We've now indexed everything. We can check the number of vectors in our index like so:

In [18]:
index.describe_index_stats()

{'dimension': 1536,
 'index_fullness': 0.00305,
 'namespaces': {'': {'vector_count': 305}},
 'total_vector_count': 305}

## Creating a Vector Store and Querying

Now that we've build our index we can switch back over to LangChain. We start by initializing a vector store using the same index we just built. We do that like so:

In [20]:
from langchain.vectorstores import Pinecone

text_field = "text"

# switch back to normal index for langchain
index = pinecone.Index(index_name)

vectorstore = Pinecone(
    index, embed.embed_query, text_field
)

In [21]:
query = "who was Benito Mussolini?"

vectorstore.similarity_search(
    query,  # our search query
    k=3  # return 3 most relevant docs
)

[Document(page_content='The oldest signs of people in Argentina are in the Patagonia (Piedra Museo, Santa Cruz), and are more than 13,000 years old. In 1480 the Inca Empire conquered northwestern Argentina, making it part of the empire. In the northeastern area, the Guaraní developed a culture based on yuca and sweet potato however typical dishes all around Argentina are pasta, red wines (Italian influence) and beef.\n\nOther languages spoken are Italian, English and German. Lunfardo is Argentinean slang and is a mix of Spanish and Italian. Argentinians are said to speak Spanish with an Italian accent.\n\nArgentina declared independent from Spain in 1816, and achieved it in a War led by José de San Martín in 1818. Many immigrants from Europe came to the country.
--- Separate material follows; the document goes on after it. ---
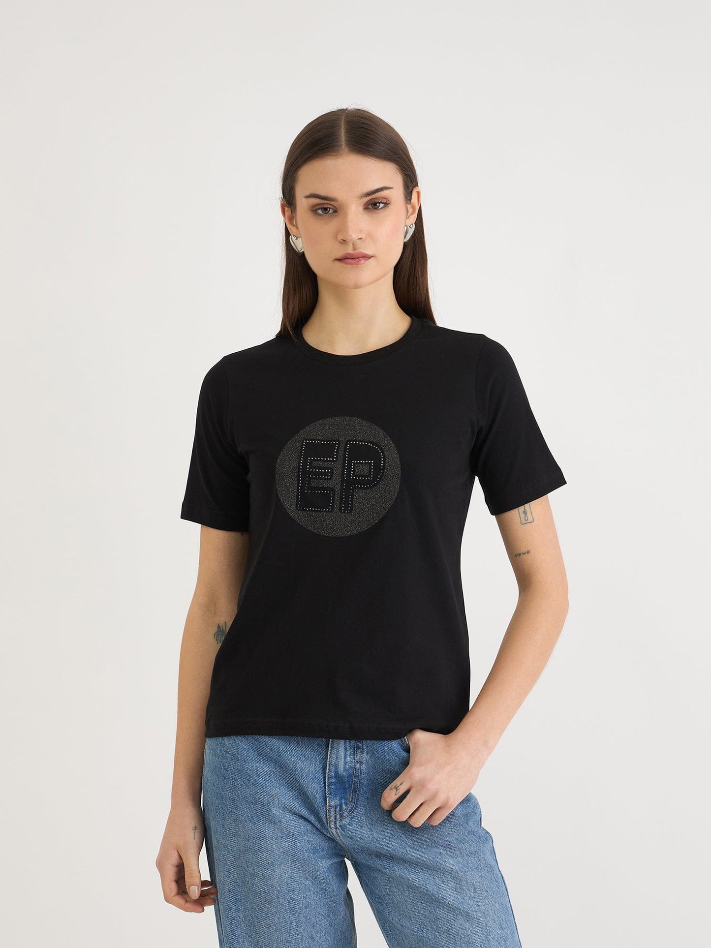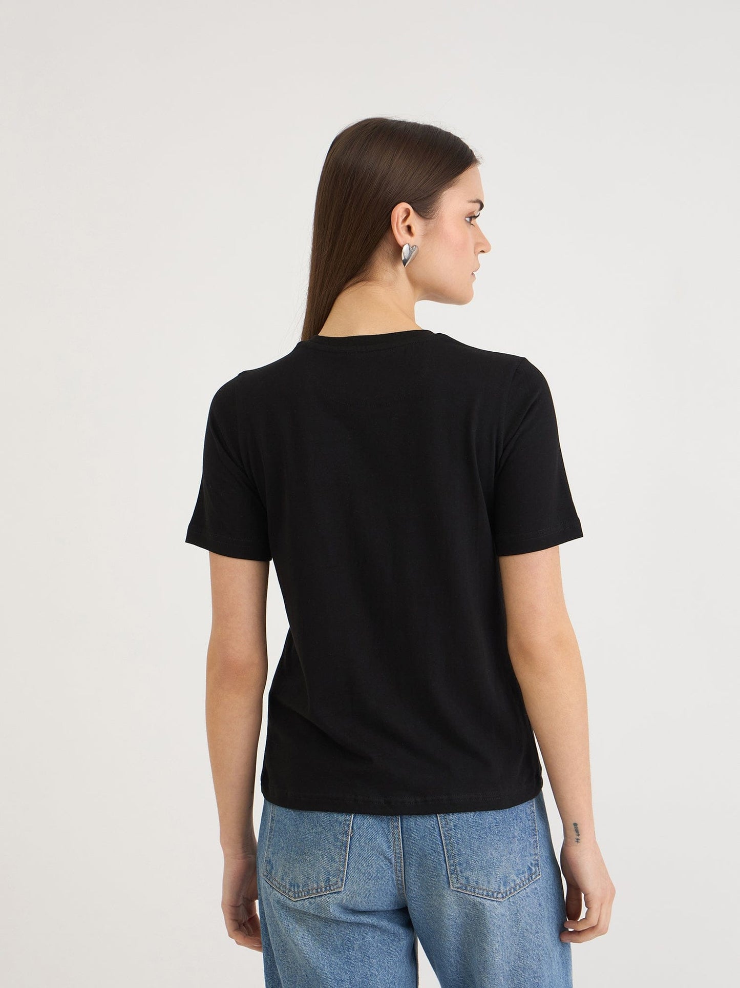This basic black crew neck t-shirt is a wardrobe essential. Made from pure cotton it is soft and comfortable to wear. The relaxed fit and short sleeves make it perfect for everyday wear. The branding on the chest adds a touch of style. This t-shirt is also stretchable for a perfect fit. Pull on closure makes it easy to wear.

By the 1920s it was the 7th wealthiest country in the world, but it began a decline after this. In the 1940s, following the "infamous decade" where the country\'s politics were not stable, Juan Peron came to power. Peron was on

All of these are good, relevant results. But what can we do with this? There are many tasks, one of the most interesting (and well supported by LangChain) is called _"Generative Question-Answering"_ or GQA.

## Generative Question-Answering

In GQA we take the query as a question that is to be answered by a LLM, but the LLM must answer the question based on the information it is seeing being returned from the `vectorstore`.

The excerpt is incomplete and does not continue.